Разумеется, Дмитрий Иванович сразу же стал резко возражать против свободного доступа ко мне жалобщиков и ходатаев. Понятно, что с точки зрения безопасности это было крайне нежелательно. Чтобы хоть как-то упорядочить поток разного рода обращений, и одновременно по возможности избавить себя от жалобщиков, я приказал устроить несколько почтовых ящиков, куда можно было в любое время положить свою челобитную. Поток их был столь велик, что уже вскоре я решил провести полную ревизию всех уголовных дел за последние 10 лет. Попутно вскрылось, что в Сенате находится более 30 тысяч нерешённых дел — некоторые тянулись со времён Елизаветы! Придётся в самое короткое время заняться реформой Сената, — такое положение дел совершенно нетерпимо…
Обычно новое воцарение сопровождается многочисленными пожалованиями, способствующими повышению популярности нового монарха. Разумеется, в моём случае ни о какой раздачи поместий, чинов и орденов не могло идти речи, поэтому я зашёл с другой стороны: было объявлено об уничтожении цензуры и полной свободы печати. Немедленно амнистировали несколько тысяч заключенных и ссыльных — и в первых рядах, разумеется, Радищева и Новикова. Александру Николаевичу предстояло ещё приехать из Кяхты, а вот Новиков, сидевший в Шлиссельбурге, уже через несколько дней предстал передо мною.
Господин этот был в прежние времена известным издателем, публиковавшим в Петербурге юмористические журналы. После ареста в 1792 году был отправлен в Шлиссельбург, что здорово подорвало его финансы.
— Николай Иванович, — сразу взял я быка за рога. — Буду краток. Мне нужно ваше перо и талант. Нужно пропагандистское обоснование всего, что я буду делать.
— Я рад бы служить вам, ваше Величество, — отвечал тот с осторожностью, — но насколько это согласуется с моей честью?

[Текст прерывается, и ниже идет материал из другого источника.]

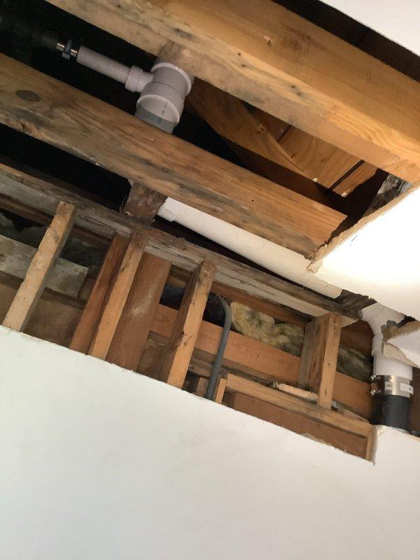 Replaced corroded section of stack vent by opening additional drywall to expose the vertical run and access sound pipe for proper connection. Removed deteriorated pipe at base and installed new section, securing connection to structurally intact portion of existing stack. Documented existing conditions showing exposed framing, PVC drainage components, and insulation in ceiling cavity prior to repair completion.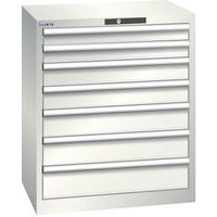 Dílenská zásuvková skříň LISTA, 7 zásuvek = 2x75 + 2x100 + 2x125 + 1x150mm, 717x572x850mm, světle šedá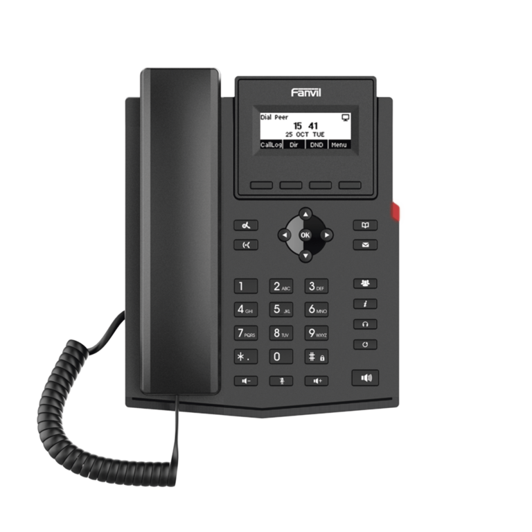Teléfono IP empresarial para 2 lineas SIP con pantalla LCD, Códec Opus, conferencia de 3 vías, PoE.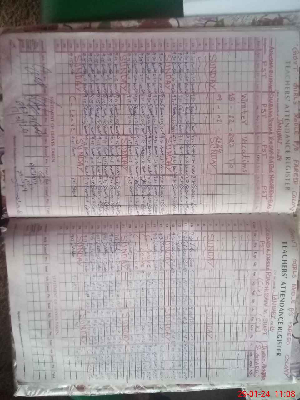 | CNIC | Full Name | Designation | R/C | Absence During Last Calender Month |
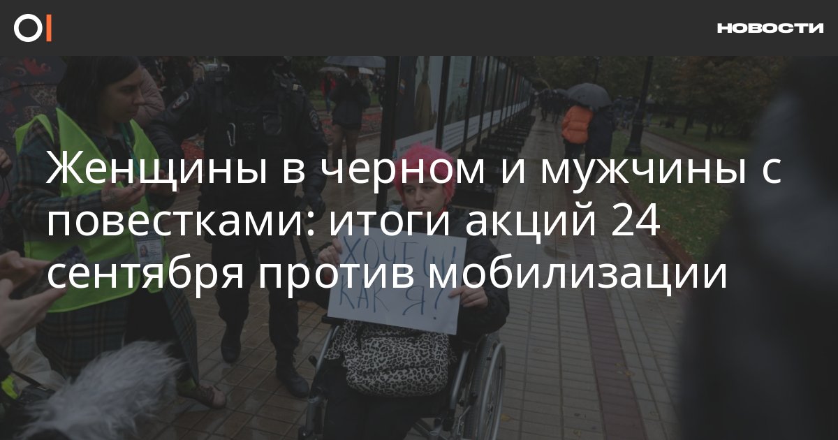 Россияне продолжают протестовать. По данным на 01:00 25 сентября задержано не менее 783 человек в 33 городах. Полицейские действуют грубо, сегодня, кроме прочего, они специально задерживали женщин в черной одежде — Феминистское антивоенное сопротивление призвало участниц выходить на акции именно в таких цветах.

Пришлось вкратце, без подробностей посвятить его в свои планы, а также пообещать финансовое содействие. И Николай Иванович немедленно стал моим личным пиар-специалистом. Кроме того, ему было поручено распространение книги Радищева-Романова и статейки в журналах супротив крепостного права. Новиков, надо отдать ему должное, быстро взялся за дело и уже весною начал выдавать на-гора разные страсти про крепостное право и злобных якобинцев, мечтающих возмутить народ в России. Разумеется, правды во всём этом было чуть менее, чем серебра во фридрихсталерах, но великая цель вполне оправдывала этот невинный обман.
Постепенно наша жизнь в Зимнем дворце наладилась. Первым делом я назначил супруге статс-дам и фрейлин по её выбору. Сама будучи с 16-ти лет камер-фрейлиной императрицы, Наташа прекрасно знала изнанку «женской половины» Двора, в подробностях посвящена была во все интриги: кто против кого дружит, кто что мутит, как и у кого подворовывают, и прочее в этом духе. Поэтому лишь немногие фрейлины из прежнего царствования перешли в новый Двор. Разумеется, первым делом вылетели графини Шувалова и Головина — первые интриганки при дворе Екатерины. Фрейлинами моей юной императрицы стали княжна Шаховская, графиня Толста́я, и сёстры Протасовы.
Ударными темпами начали обустраиваться покои императрицы в Зимнем Дворце. После Константина остался паркет, истыканный шпагой и штыком, расшатанные стулья и стены со следами пистолетных выстрелов — Костик, воображавший себя великим застрельщиком и бретёром, любил стрелять из пистолета по мухам (и иногда даже попадал). Пришлось перекрывать пол, заново обставлять дворец мебелью, навешивать шторы и драпировки, чем Наталья Александровна не без удовольствия и занялась, при этом чутко отслеживая последние модные веяния. И, надобно сказать, было что отслеживать!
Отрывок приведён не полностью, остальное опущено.